Support Questions

Find answers, ask questions, and share your expertise

streaming ingest to hdfs

avatar
Super Collaborator

Hi,

I have been seeing stream processing use cases where as part of streaming ingest along with HBASE, Cassandra etc. HDFS is also shown.

Isn't HDFS write was supposedly only with big files 64MB/128MB +. In Flume this is achieved by hdfs.rollSize configurations. So Flume manages the buffer until it becomes big, then it writes/flushes it out.

How does this part is taken care when writing from Spark-streaming or STORM?

Thanks,

Avijeet

1 ACCEPTED SOLUTION

avatar
Expert Contributor

In Storm one needs to use storm-hdfs bolt to store data in HDFS.

The bolt is could be configured to flush out the results after a given amount of tuples received (SyncPolicy).

The other relevant option for the bolt is the RotationPolicy which defines how/when a new file should be created.

This could be either done based on file size, time or custom logic.

The full range of options is described here: http://docs.hortonworks.com/HDPDocuments/HDP2/HDP-2.5.3/bk_storm-component-guide/content/storm-hdfs-...
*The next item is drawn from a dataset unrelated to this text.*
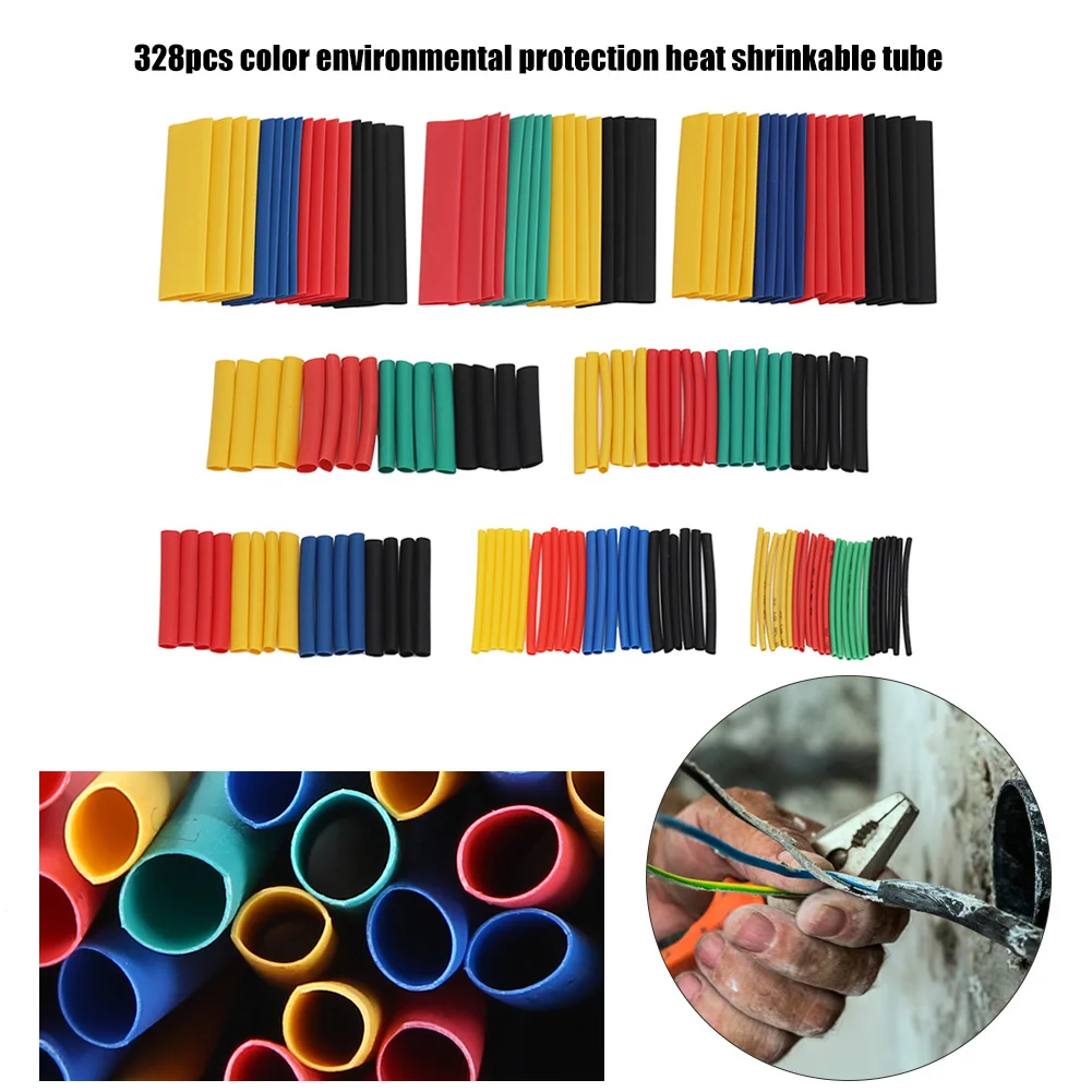 Комплект термоусадочной трубки для упаковки, термоусадочные трубки 328 шт., термоусадочные трубки, изоляционные трубки для проводов в ассортименте

View solution in original post

4 REPLIES 4

avatar
Expert Contributor

In Storm one needs to use storm-hdfs bolt to store data in HDFS.

The bolt is could be configured to flush out the results after a given amount of tuples received (SyncPolicy).
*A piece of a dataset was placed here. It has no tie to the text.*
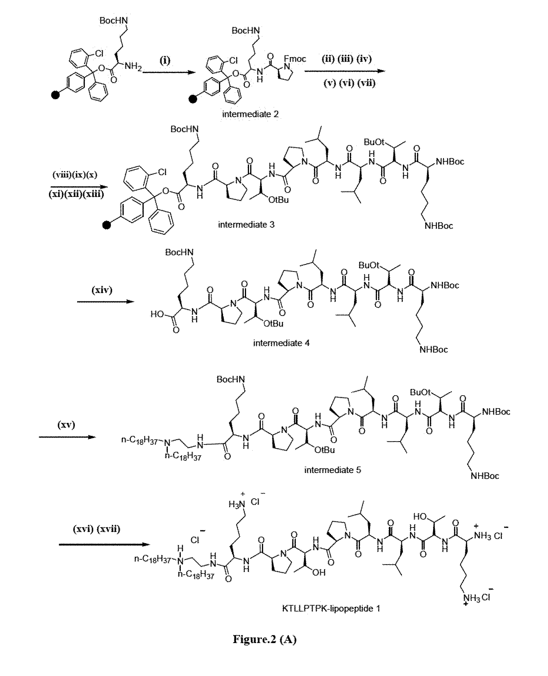 • vi. Deprotecting the KTLLPTPK-lipopeptide obtained in step (v) with TFA-DCM (95:5, v/v) to obtain a deprotected KTLLPTPK-lipopeptide; and

The other relevant option for the bolt is the RotationPolicy which defines how/when a new file should be created.

This could be either done based on file size, time or custom logic.
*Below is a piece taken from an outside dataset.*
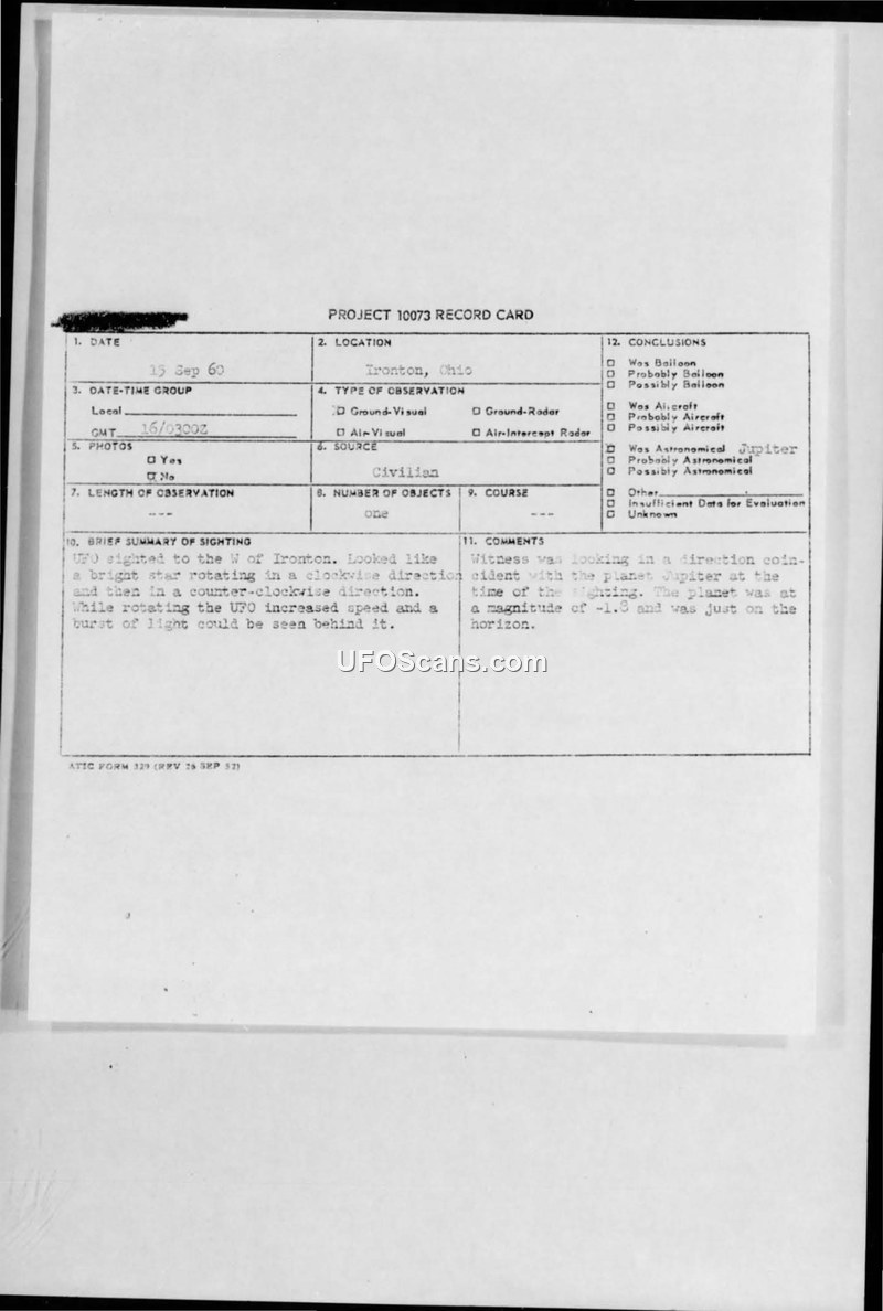 A sighting in Ironton, Ohio, on September 15, 1960, was officially identified as the planet Jupiter. The report includes summaries of other concurrent aerial observations investigated by the Air Force.

The full range of options is described here: http://docs.hortonworks.com/HDPDocuments/HDP2/HDP-2.5.3/bk_storm-component-guide/content/storm-hdfs-...

avatar
Super Collaborator

Thanks @Tibor Kiss

What is the kind of industry practice when it comes to writing streaming data to both HDFS and another real time store such as HBASE, Cassandra

Should we write to HDFS from the stream-processing layer (STORM, SPARK Streaming)

OR

Should we write it separately using a separate consumer (KAFKA) or SINK (flume)

Some reason I think writing from stream processing layer to HDFS doesn't sound right.

Thanks,

Avijeet

avatar
Expert Contributor

It really depends on your use-case and latency requirements.

If you need to store Storm's result into HDFS then you can use a Storm HDFS Bolt.

If you only need to store the source data I'd suggest to store from Kafka or Flume. That'll result a lower latency on the Storm topology and better decoupling.

avatar
Super Guru
@Avijeet Dash

I agree with you. It is much more reliable if after your streaming job, your data lands in Kafka and then written to HBase/HDFS. This decouples your streaming job from writing. I wouldn't recommend using Flume. Go with the combination of Nifi and Kafka.